Abstract

Introduction: CA19-9 has been reported as a significant predictor for poor prognosis of PDAC but the degree of its elevation could be interfered by obstructive jaundice. To evaluate the predictability of CA19-9 for OS of PDAC patients, we adjusted preoperative serum CA19-9 with liver enzyme levels. Methods: 563 patients undergoing surgery for PDAC in our center were reviewed.
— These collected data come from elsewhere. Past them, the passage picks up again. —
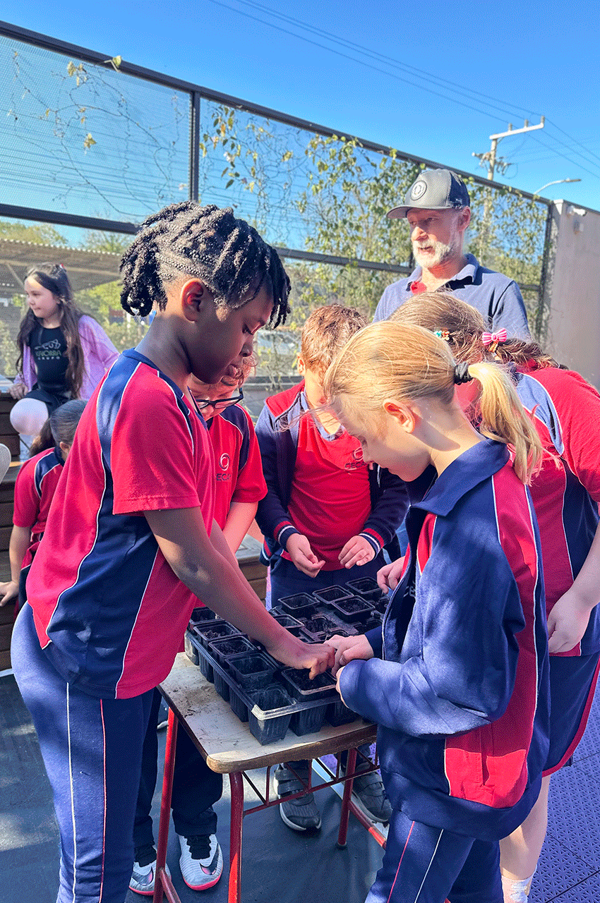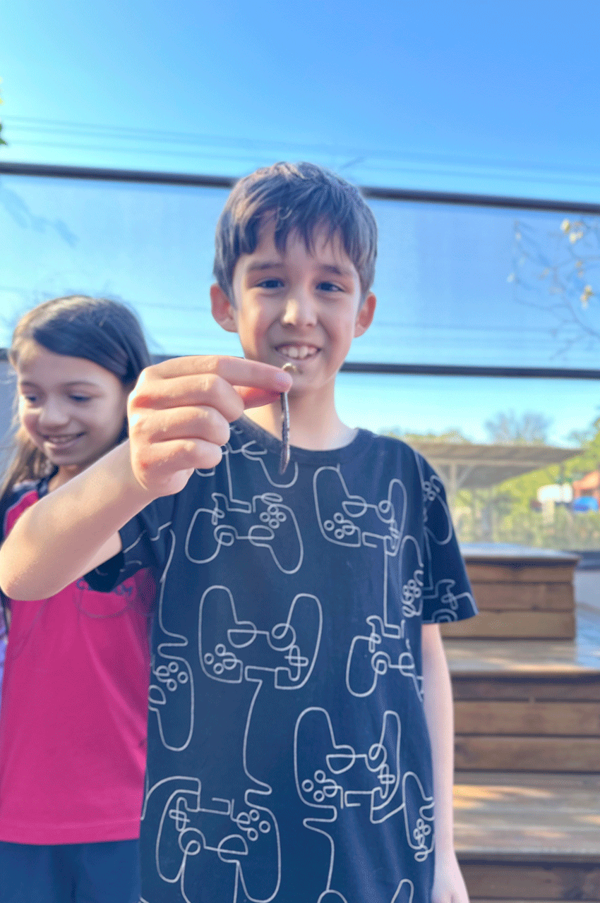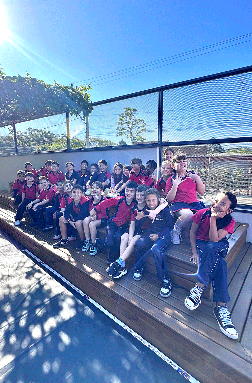 Logo ao chegar, todos estavam animados e curiosos para colocar a mão na terra. A professora explicou que a primavera é a estação do florescimento, quando a natureza se renova, os dias ficam mais ensolarados e os jardins ganham ainda mais cores. Nada melhor do que dar início a essa fase semeando uma flor tão alegre e radiante como o girassol.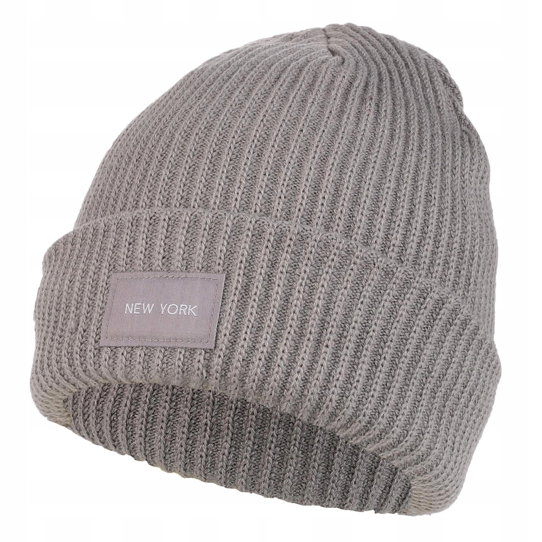 Czapka Damska Zimowa Beanie klasyczna z naszywką Modna Ciepła Prążek MORAJ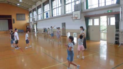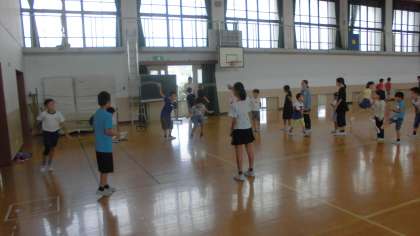 体育館で活動するグループは大縄跳びや鬼ごっこをして活動しました。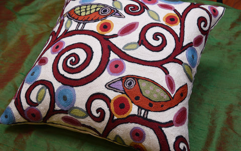 These modern pillow covers are handcrafted by Kashmiri artisans, and are of the finest chain-stitch embroidery in the world.Created of soft Kashmir wool over cotton, this all-natural cover makes an enduring impression.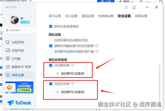 ToDesk 还特别设置了设备黑白名单功能,可以精确控制哪些设备能够连接或禁止连接你的电脑。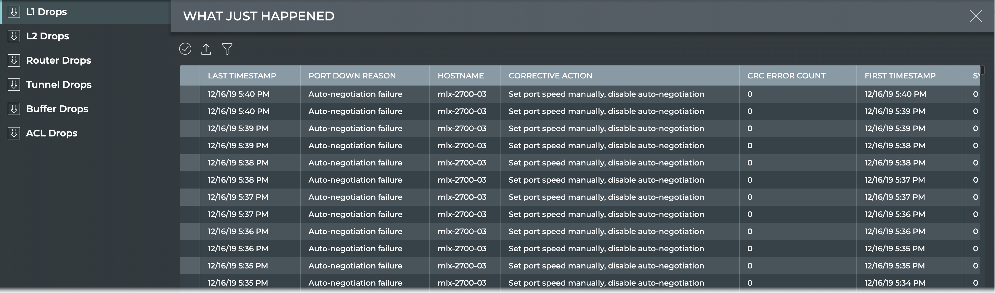 The What Just Happened view displays events based on conditions detected in the data plane. The most recent 1000 events from the last 24 hours are presented for each drop category.
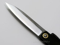 16層になった多層鋼の間に青紙を割り込んだ刀身を、通常の肥後守と違い、鋭い笹刃型に研ぎ、きれいに磨き上げた特別仕様の肥後守です。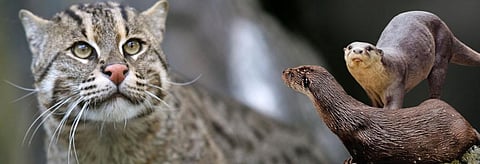 All three are facing threats of habitat loss and especially the loss of wetland vegetation throughout the world, that gives them refuge and a space to breed in. The fishing cat is ‘Vulnerable’ according to the International Union for Conservation of Nature Red List of Threatened Species. So is the smooth-coated otter. The Eurasian otter is ‘Near Threatened’.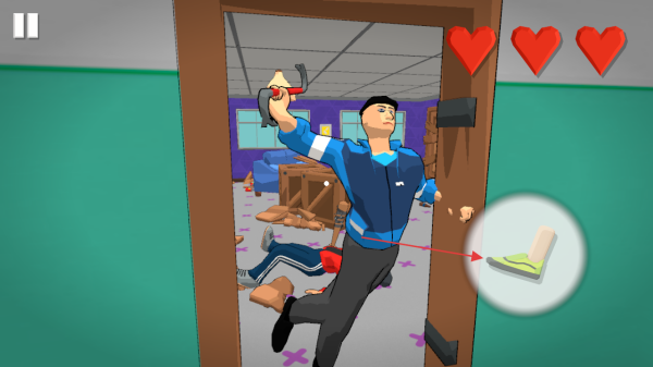 1、游戏开始,通过右下角虚拟按钮操控角色进入房间,会看见敌人已经倒地。
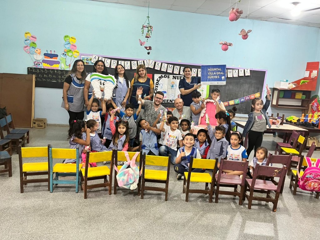 En ese marco, el servicio de odontología del Hospital de General Güemes, visitó esta semana al Jardín de Infantes (JIN) “Maestra Elena Polo” Nº 2, donde llevó adelante una charla-taller para enseñar a los jardineritos de la sala de cinco años, los hábitos que deben desarrollarse para conservar una boca y dientes sanos.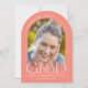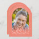 Ce faire-part de graduation en arc de corail simple minimaliste dispose d'une arche délicate cadre, 2 modèles photo et élégante typographie moderne.
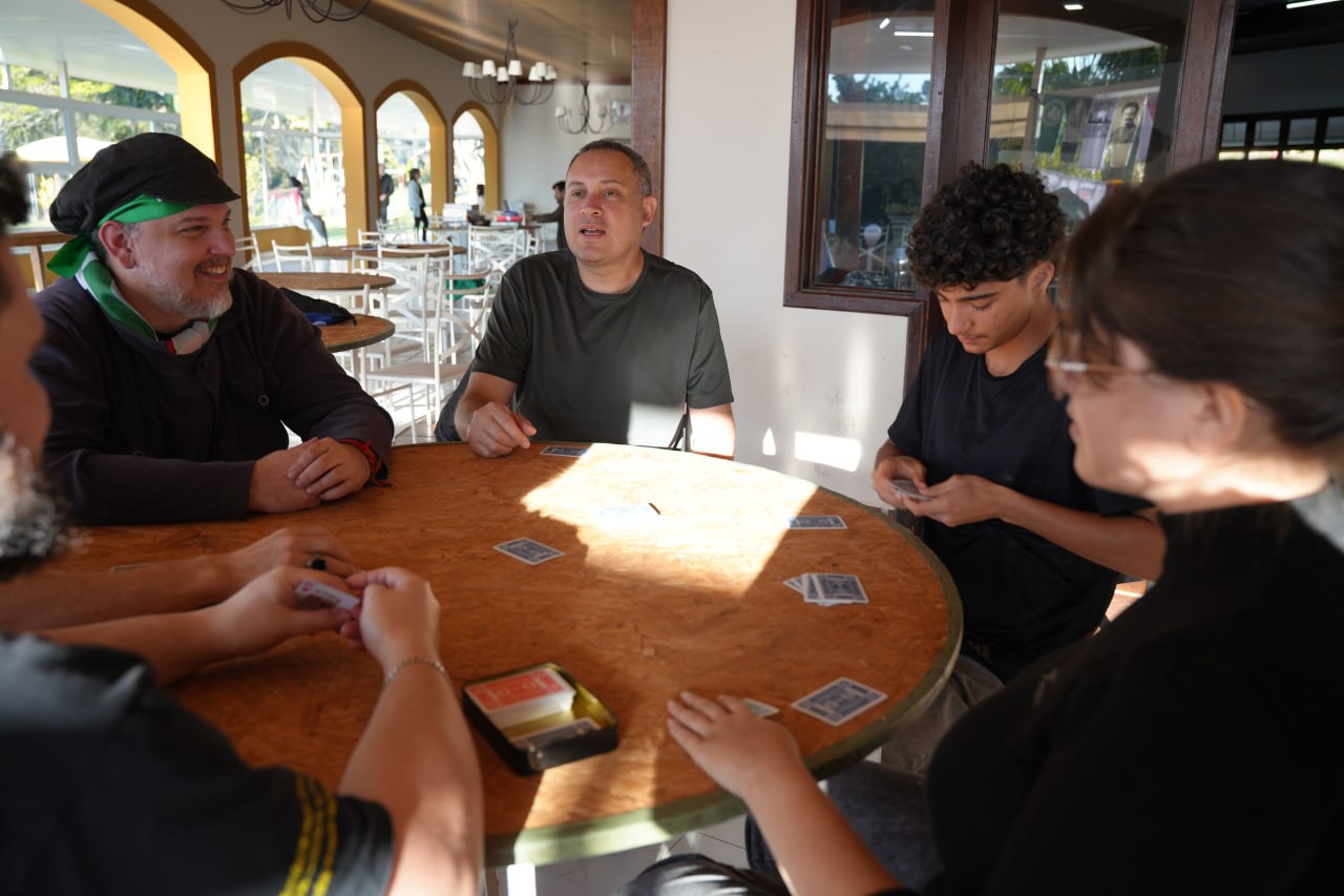 Os jogos de cartas foram os mais populares da tarde. Diversos grupos se reuniram em mesas espalhadas pelo local para partidas animadas que reforçaram o espírito coletivo e integrador do acampamento.
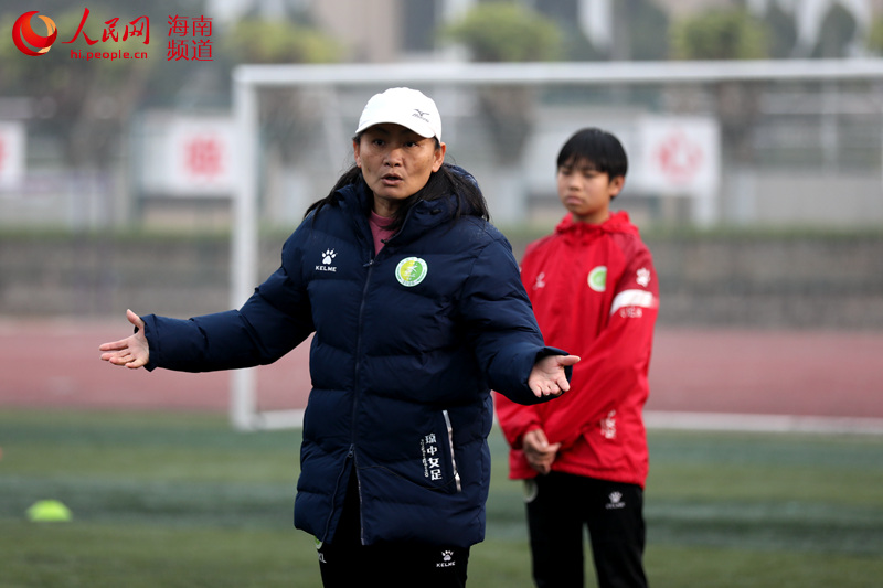 Photo shows Wu Xiaoli, a coach of the Qiongzhong Women’s Football Team in south China’s Hainan Province. (People’s Daily Online/Fu Wuping)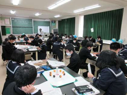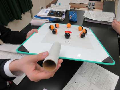 3Aは理科でした。モデルを使って金星と月の見え方の違いを学習しました。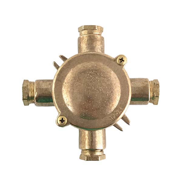 Espectacular caja de conexiones de aspecto industrial, fabricada en latón. Para instalación en superficie. Dispone de cuatro entradas para tubo y unos anclajes laterales para atornillarla.

Preoperative parameters were recorded as well as OS, which began from the date of operation to that of death or last follow-up. Kaplan-Meier survival curves with log-rank test was applied. Results: The MST was 17.767 months. We used 39/390/1000 as cutoff values of preoperative CA19-9 and Kaplan-Meier survival analysis illustrated significantly different prognosis among patients with TBIL < 102.6 μmol/L (P < 0.001, MST = NR/19.533/15.067/11.200 months). However, this tendency disappeared (P = 0.086) when TBIL >=102.6 μmol/L. We adjusted the CA19-9 level by dividing it by the value of preoperative serumγ-GGT and AST. The optimal cut off values of CA19-9/γ-GGT and CA19-9/ASTwere 0.4 and 0.5, respectively.Value 0 was assigned to the ratio lower than the cutoff value while value 1 to the higher. Add up the values and we found that patients who got 0 tended to have significantly better survival than those valued 1, and patients scored 2 showed the worst survival (P < 0.001, MST = 33.467/17.867/9.800 months). Conclusion: Preoperative serum CA19-9 is a defective predictor for survival of PDAC patients with TBIL ≥102.6 μmol/L but this could be adjusted well by the ratio of CA19-9 to γ-GGT and AST.